To understand how the Nernst Equation is applied in calculating cell potentials, let's begin with its general form: The Nernst Equation is expressed as:\[ E_{\text{cell}} = E^{\circ}_{\text{cell}} - \frac{RT}{nF}\ln(Q) \]where:

• \( E_{\text{cell}} \) is the electromotive force (EMF) of the cell;
• \( E^{\circ}_{\text{cell}} \) is the standard cell potential;
• \( R \) is the universal gas constant (8.314 J/(mol·K));
• \( T \) is the temperature in Kelvin;
• \( n \) is the number of moles of electrons transferred in the cell reaction;
• \( F \) is the Faraday constant (approximately 96485 C/mol);
• \( Q \) is the reaction quotient.

At room temperature (25°C), the equation is simplified to:\[ E_{\text{cell}} = E^{\circ}_{\text{cell}} - \frac{0.0591}{n}\log(Q) \]This allows us to compute the cell potential at non-standard conditions.

The Nernst Equation is valuable in electrochemistry because it connects the chemical reaction with its electrical output, predicting how changes in concentration affect the EMF.

In an electrochemical cell, we break down the overall cell reaction into half-cell reactions. Each half-reaction takes place in different compartments called half-cells.

For the given reaction:- **Oxidation Half-Reaction:** \( \text{Zn} \rightarrow \text{Zn}^{2+} + 2e^{-} \) - Here, zinc metal (\( \text{Zn} \)) loses electrons to form zinc ions (\( \text{Zn}^{2+} \)). This is the anode reaction where oxidation occurs.
- **Reduction Half-Reaction:** \( 2\text{H}^{+} + 2e^{-} \rightarrow \text{H}_{2} \) - Protons (\( \text{H}^+ \)) in solution gain electrons to form hydrogen gas (\( \text{H}_2 \)). This is the cathode reaction where reduction takes place.

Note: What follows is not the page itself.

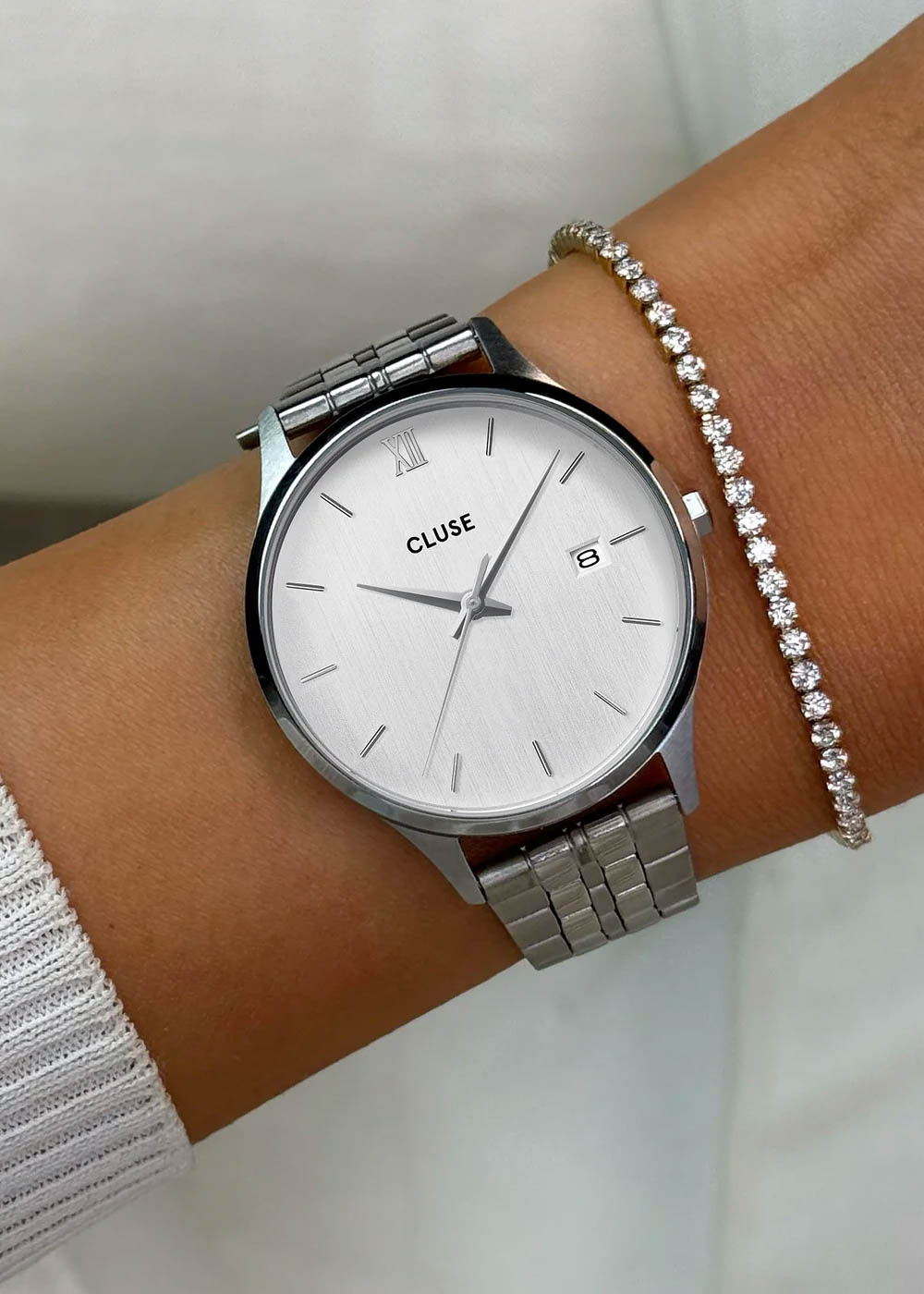 Op zoek naar een stijlvolle accessoire die je outfit helemaal afmaakt? Dit prachtige Cluse horloge is de perfecte mix van elegantie en minimalisme. Met zijn strakke zilveren design en subtiele datumaanduiding is dit horloge een echte eyecatcher aan je pols.

Understanding half-cell reactions helps us determine which substances are oxidized and which are reduced in the cell, and it is crucial for correctly applying the Nernst Equation later on.

The hydrogen ion concentration is key to determining the pH of a solution using the relation:
\[ \text{pH} = -\log_{10}([\text{H}^+]) \]Calculating the pH involves finding the concentration of \( [\text{H}^+] \) ions in the solution.In the given exercise, after applying the Nernst Equation to find \( [\text{H}^+] \), we determined:- \( [\text{H}^+] = 10^{-8.62} \)
As such, the calculated pH is 8.62.

• Important to remember: a pH below 7 indicates acidity, while above 7 indicates basicity.
• Since the pH is 8.62, the solution is slightly basic.
• This calculation shows how altering conditions (like gas pressure and ion concentration) in galvanic cells can affect pH balance.

The standard cell potential, \( E^{\circ}_{\text{cell}} \), represents the voltage difference under standard conditions (1 M concentrations, 1 atm pressure, 25°C) between two electrodes in an electrochemical cell.

Given in the exercise:- **Zinc Reaction Potential:** \( E^{\circ}_{\text{Zn}^{2+} / \text{Zn}} = -0.76 \text{ V} \)- **Hydrogen Reaction Potential:** \( E^{\circ}_{\text{H}^{+} / \text{H}_{2}} = 0 \text{ V} \)
The standard cell potential is calculated by subtracting the anode potential from the cathode potential:
\[ E^{\circ}_{\text{cell}} = E^{\circ}_{\text{cathode}} - E^{\circ}_{\text{anode}} = 0 \text{ V} - (-0.76 \text{ V}) = 0.76 \text{ V} \]This value tells us the maximum potential difference achievable under ideal conditions.

• Larger standard potential implies a stronger tendency for reduction at the cathode.
• A positive \( E^{\circ}_{\text{cell}} \) generally indicates a spontaneous reaction under standard conditions.